Scout APM incident

Ingest delays

Major Resolved View vendor source →

Scout APM experienced a major incident on May 21, 2025 affecting Application Monitoring, lasting 1d 12h. The incident has been resolved; the full update timeline is below.

Started
May 21, 2025, 01:55 PM UTC
Resolved
May 23, 2025, 02:27 AM UTC
Duration
1d 12h
Detected by Pingoru
May 21, 2025, 01:55 PM UTC

Affected components

Application Monitoring

Update timeline

  1. investigating May 21, 2025, 01:55 PM UTC

    We are currently investigating this issue.

  2. monitoring May 21, 2025, 02:33 PM UTC

    A fix has been implemented and we are monitoring the results.

  3. identified May 21, 2025, 03:08 PM UTC

    The initial fix was unsuccessful, certain accounts are now substantially delayed.

  4. monitoring May 21, 2025, 04:13 PM UTC

    An alternate approach has been applied, we are watching.

  5. identified May 22, 2025, 02:13 AM UTC

    It has been a long day with kafka.

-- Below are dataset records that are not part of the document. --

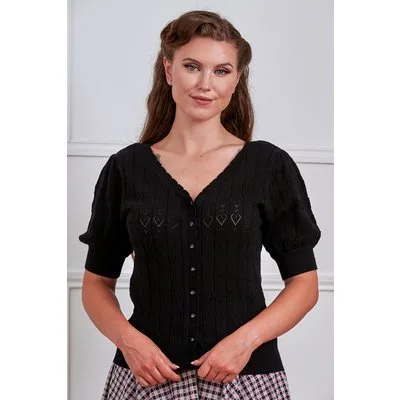 “All wrapped in love.” Deze cute cardigan is een echte must-have voor je garderobe. Uitgevoerd in zachte, fijngebreide 100% katoen in tijdloos zwart en afgewerkt met een opengewerkt hartjespatroon en speelse geschulpte biesjes. * V-halslijn * Geschulpte biezen * Knopenrij * Stretchy ribboorden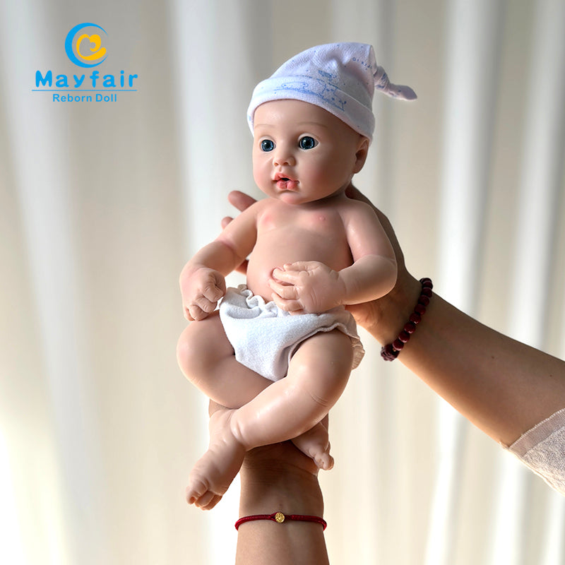 Mayfair baby doll is crafted from liquid silicone, ensuring safety and harmlessness to the body. It's a realistically detailed full silicone baby doll with a solid, weighted body for a lifelike touch.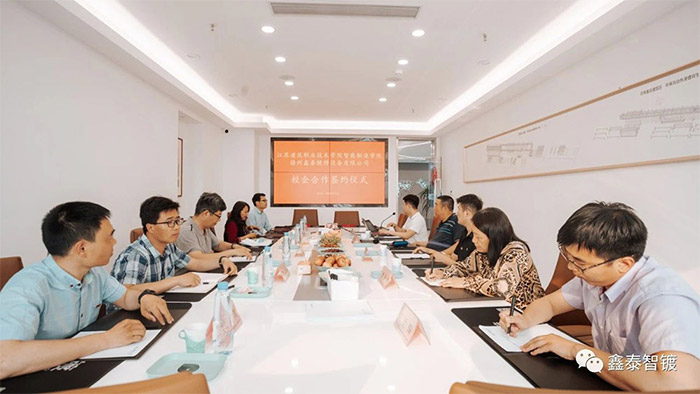 江蘇建院劉盛賢書記充分肯定了鑫泰公司在鍍鋅領域信息化、自動化、人工智能等方面所取得的成就,表達了對熱鍍鋅行業人才戰略校企合作的意愿;詳細介紹了江蘇建院雄厚的師資力量、先進的實訓設備以及豐碩的獲獎成果,表示建院非常愿意與鑫泰公司通力合作,尤其是建院智能制造學院的專業與鑫泰公司主營業務高度匹配。介紹了以往合作典范和所取得的成績,如與徐工集團、徐鍛集團、華東機械等國內知名企業建立了50多個實訓基地,與江蘇中煙公司徐州卷煙廠、徐工集團、上海振華、徐州地鐵等企業組建了“徐工班”、“地鐵班”、“振華班”。劉盛賢書記表示即將與鑫泰公司一道組建“熱鍍鋅專業班”,在教學課程安排上與企業實際需求接軌,人才培養機制采用“訂單”模式。將鍍鋅行業實際需求的機電、工程、表面處理等技術與原有的機電專業基礎課程進行有機組合,進行獨具特色的理論教學;實習期間將學生送至鑫泰公司表面處理園區實習鍛煉,切實將理論知識和實際應用相結合,使學生真正具備“畢業即就業”的能力,實現“產學研訓創”一體化實踐教學,學生畢業直接進入鍍鋅企業就業。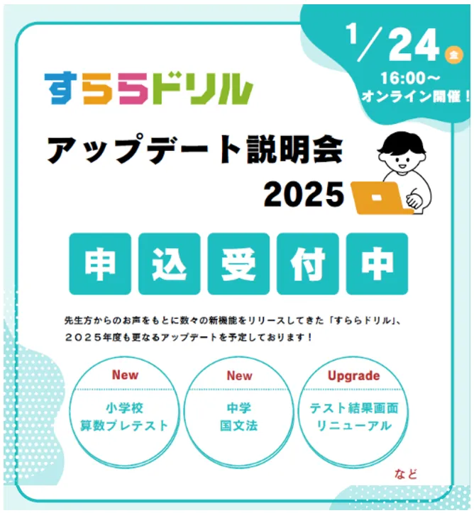 2025年に向けた新機能を紹介!「すららドリル」説明会のご案内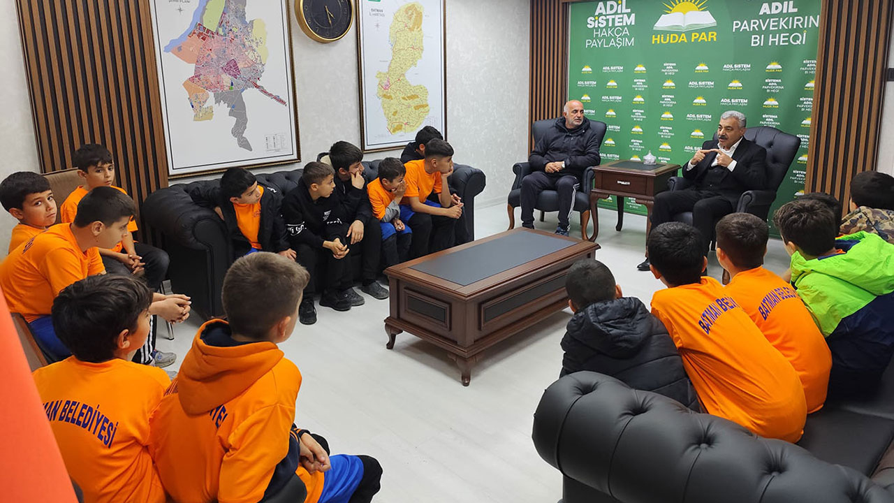 Batman Beşevler Mahallesi U14 Genç Futbol Takımı, 16 kişilik sporcu kadrosu ve teknik direktör İbrahim Ekinci ile birlikte HÜDA PAR Batman İl Başkanlığı'nı ziyaret etti.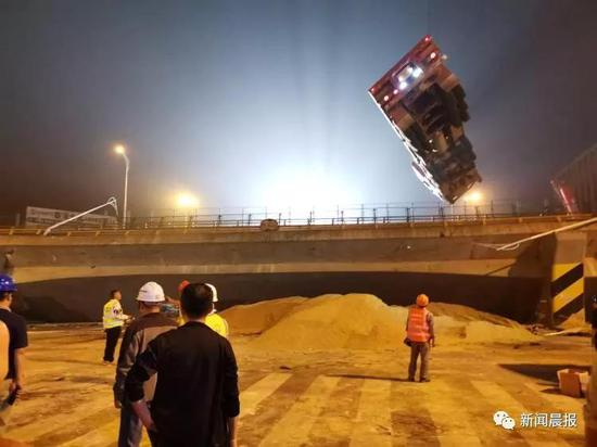 随后,无锡交通广播台播报消息:312国道上海方向位于锡港路上方的高架桥发生侧翻。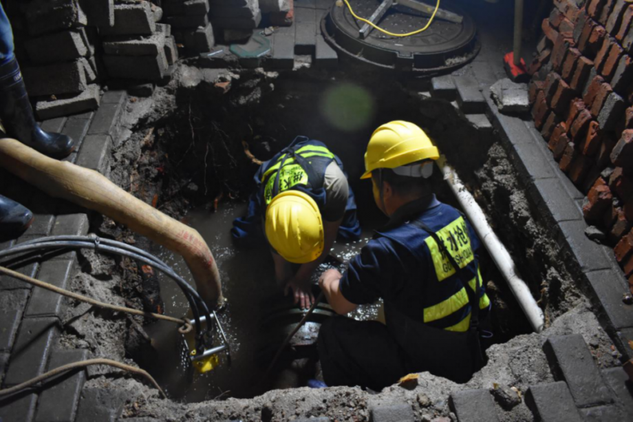 一路風(fēng)塵仆仆,濕透的衣服一直未曾干過(guò)。下午17時(shí)許,維修人員結束下陸萬(wàn)達廣場(chǎng)的檢測后匆匆趕到環(huán)湖路交警大隊。這里一處水管漏水,水滲透地面,向四周漫延,附近居民水壓低,著(zhù)急等待搶修人員到來(lái)。在漏水的位置確定好漏點(diǎn)后,搶修人員開(kāi)始犯難了,漏水的地方位于外墻被圍欄環(huán)繞的花壇里,機器無(wú)法開(kāi)挖。維修人員只有采取人工挖。為避免破壞花壇植被和花壇中PE110戶(hù)表管,王明躍決定從花壇底部開(kāi)挖。一鍬接一鍬、一鏟連一鏟,太陽(yáng)漸漸隱藏余暉,卻依然肆意散發(fā)著(zhù)巨大的熱量,夏天不能暢快用水煎熬著(zhù)用戶(hù)的心,成為工人們感同身受的干事動(dòng)力。管道挖掘和搶修一直持續至次日凌晨3時(shí)左右,維修人員連續10余小時(shí)的作業(yè),挖出DN300鑄鐵管,焊接好鑄鐵管上60厘米裂縫,恢復片區供水。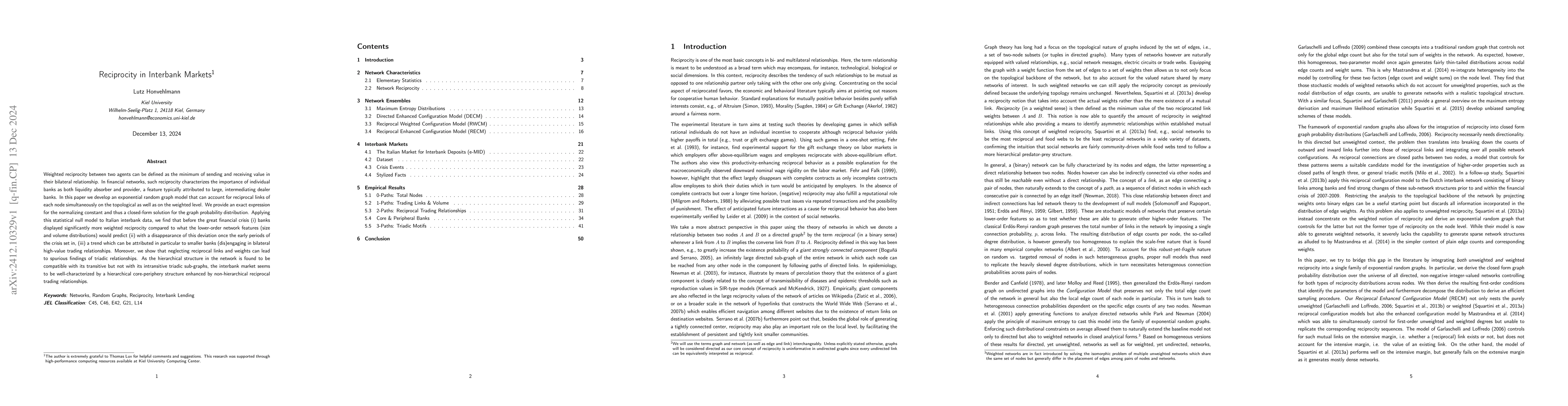 This paper develops an exponential random graph model to analyze weighted reciprocity in Italian interbank markets, revealing that pre-crisis banks exhibited higher-than-expected reciprocity, especially among smaller banks, which normalized during the early crisis period. The study highlights the importance of considering reciprocal links and weights to avoid spurious findings in network analysis.

We continue to experience instability, causing lag and dropped payloads.

  6. identified May 22, 2025, 05:42 AM UTC

    Throughput has improved although behavior of individual partitions remains a problem and is still causing delays in some cases.

  7. identified May 22, 2025, 05:43 PM UTC

    We are not to full resolution yet.

  8. monitoring May 22, 2025, 09:05 PM UTC

    Zookeeper corruption has been rooted out. Things appear healthier and catching up in all cases.

  9. resolved May 23, 2025, 02:27 AM UTC

    This incident has been resolved.